Start of Data extracts
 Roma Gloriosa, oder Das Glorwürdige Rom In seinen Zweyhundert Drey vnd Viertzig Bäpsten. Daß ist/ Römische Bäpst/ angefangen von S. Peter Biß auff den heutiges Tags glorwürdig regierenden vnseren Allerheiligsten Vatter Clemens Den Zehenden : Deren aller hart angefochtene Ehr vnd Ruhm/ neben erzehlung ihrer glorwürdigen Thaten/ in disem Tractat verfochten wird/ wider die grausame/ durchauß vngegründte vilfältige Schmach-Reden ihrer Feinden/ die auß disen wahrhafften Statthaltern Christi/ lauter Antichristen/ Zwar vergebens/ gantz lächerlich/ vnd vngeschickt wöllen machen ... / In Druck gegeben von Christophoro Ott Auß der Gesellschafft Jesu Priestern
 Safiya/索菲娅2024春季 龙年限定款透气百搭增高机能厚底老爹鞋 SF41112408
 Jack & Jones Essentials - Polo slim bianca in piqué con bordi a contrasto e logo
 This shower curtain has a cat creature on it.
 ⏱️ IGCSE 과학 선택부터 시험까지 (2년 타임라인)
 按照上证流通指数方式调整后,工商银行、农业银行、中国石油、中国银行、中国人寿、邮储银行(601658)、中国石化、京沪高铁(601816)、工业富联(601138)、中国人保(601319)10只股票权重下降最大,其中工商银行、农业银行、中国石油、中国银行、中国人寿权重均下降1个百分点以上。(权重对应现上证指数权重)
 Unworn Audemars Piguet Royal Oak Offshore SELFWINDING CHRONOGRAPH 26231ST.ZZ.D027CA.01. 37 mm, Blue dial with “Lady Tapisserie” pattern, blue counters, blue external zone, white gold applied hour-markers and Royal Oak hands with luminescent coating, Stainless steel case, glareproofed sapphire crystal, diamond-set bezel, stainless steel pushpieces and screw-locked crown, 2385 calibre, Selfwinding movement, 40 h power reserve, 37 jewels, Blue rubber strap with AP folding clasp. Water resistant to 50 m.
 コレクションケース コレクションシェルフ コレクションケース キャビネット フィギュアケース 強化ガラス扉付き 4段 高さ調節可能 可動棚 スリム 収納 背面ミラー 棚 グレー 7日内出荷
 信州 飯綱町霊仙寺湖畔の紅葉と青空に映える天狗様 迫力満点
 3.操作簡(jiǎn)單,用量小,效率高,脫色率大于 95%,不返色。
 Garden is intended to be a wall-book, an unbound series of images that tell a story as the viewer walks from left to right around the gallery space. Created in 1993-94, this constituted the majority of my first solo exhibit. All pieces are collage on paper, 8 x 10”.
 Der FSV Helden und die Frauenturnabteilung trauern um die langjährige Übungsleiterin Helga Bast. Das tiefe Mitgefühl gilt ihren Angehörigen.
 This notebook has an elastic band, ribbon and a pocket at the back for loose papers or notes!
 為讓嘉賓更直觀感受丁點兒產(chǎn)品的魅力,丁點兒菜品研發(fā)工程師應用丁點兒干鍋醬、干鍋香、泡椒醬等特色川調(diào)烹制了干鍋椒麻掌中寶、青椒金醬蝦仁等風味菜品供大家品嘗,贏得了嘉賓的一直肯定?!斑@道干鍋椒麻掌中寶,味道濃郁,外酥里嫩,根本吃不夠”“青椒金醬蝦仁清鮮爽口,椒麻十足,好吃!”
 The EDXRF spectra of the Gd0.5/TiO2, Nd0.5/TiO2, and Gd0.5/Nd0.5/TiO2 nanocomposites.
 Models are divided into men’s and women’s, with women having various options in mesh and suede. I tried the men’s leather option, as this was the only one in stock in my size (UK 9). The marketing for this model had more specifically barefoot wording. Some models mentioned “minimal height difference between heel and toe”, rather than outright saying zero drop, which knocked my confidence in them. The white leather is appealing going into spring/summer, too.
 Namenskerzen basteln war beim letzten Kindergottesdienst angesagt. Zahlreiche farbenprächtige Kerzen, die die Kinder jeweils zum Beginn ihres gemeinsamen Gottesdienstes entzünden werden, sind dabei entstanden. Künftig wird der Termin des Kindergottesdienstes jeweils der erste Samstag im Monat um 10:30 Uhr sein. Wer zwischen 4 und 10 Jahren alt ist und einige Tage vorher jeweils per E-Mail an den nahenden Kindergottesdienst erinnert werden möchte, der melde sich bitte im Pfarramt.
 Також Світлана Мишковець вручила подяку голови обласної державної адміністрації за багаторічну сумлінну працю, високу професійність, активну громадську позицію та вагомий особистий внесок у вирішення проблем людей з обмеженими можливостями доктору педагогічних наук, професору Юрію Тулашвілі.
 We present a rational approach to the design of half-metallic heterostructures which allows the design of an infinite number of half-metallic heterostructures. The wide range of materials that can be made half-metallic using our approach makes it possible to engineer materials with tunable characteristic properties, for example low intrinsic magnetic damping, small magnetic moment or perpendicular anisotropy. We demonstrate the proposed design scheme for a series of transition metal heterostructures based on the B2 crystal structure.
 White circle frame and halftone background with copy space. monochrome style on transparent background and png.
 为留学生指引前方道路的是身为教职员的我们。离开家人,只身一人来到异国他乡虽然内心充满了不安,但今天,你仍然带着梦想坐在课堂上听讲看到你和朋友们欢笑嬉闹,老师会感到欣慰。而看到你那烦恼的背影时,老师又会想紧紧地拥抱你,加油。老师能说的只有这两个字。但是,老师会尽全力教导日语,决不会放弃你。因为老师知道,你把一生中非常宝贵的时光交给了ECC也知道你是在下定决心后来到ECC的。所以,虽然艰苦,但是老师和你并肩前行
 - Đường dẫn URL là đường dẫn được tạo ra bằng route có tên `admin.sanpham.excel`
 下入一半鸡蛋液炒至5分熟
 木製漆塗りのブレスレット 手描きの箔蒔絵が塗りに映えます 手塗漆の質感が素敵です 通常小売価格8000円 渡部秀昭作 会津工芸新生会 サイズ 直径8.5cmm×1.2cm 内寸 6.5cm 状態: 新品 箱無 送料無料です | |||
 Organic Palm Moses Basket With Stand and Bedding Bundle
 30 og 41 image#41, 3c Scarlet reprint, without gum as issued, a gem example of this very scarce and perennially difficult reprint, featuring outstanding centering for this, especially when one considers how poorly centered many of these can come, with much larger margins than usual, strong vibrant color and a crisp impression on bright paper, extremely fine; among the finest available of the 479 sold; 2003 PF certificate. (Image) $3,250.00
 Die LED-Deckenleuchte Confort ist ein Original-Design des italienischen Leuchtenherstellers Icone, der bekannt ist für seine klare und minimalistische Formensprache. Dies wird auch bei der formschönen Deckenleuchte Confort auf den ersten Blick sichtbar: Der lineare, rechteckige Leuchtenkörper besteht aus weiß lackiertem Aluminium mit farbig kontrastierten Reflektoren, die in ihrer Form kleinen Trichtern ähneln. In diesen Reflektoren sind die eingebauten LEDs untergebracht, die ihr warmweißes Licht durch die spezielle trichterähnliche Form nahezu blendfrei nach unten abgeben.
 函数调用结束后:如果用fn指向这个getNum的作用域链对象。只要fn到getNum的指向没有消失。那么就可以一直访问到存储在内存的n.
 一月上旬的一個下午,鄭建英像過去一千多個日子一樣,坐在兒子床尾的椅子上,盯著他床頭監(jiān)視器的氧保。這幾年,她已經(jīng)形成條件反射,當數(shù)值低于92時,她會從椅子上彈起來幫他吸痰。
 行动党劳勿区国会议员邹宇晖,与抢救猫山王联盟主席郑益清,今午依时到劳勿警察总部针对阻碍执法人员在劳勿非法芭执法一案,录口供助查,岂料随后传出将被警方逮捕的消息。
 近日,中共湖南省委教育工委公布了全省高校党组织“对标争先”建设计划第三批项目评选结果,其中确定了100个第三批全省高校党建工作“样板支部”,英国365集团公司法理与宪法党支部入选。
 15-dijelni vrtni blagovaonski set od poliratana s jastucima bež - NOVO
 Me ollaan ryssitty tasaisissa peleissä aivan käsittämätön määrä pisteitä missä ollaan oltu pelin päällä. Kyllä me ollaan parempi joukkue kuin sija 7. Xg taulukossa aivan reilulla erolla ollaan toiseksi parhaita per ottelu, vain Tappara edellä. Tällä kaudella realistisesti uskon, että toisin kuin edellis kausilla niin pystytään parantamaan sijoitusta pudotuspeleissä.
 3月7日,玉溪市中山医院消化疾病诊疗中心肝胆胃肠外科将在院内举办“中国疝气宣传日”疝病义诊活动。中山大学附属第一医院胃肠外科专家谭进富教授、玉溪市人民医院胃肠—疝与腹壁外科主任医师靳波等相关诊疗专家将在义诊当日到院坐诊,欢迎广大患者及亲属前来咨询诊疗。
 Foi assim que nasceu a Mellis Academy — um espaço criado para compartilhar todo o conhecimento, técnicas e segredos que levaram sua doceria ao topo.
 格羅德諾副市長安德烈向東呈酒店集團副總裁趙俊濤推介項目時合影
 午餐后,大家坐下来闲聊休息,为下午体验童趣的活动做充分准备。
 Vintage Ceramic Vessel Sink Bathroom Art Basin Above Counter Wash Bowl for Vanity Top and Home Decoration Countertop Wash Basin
End of Data extracts
The total wanted is the number of lines in the entries above that contain "space". Give it alone.

2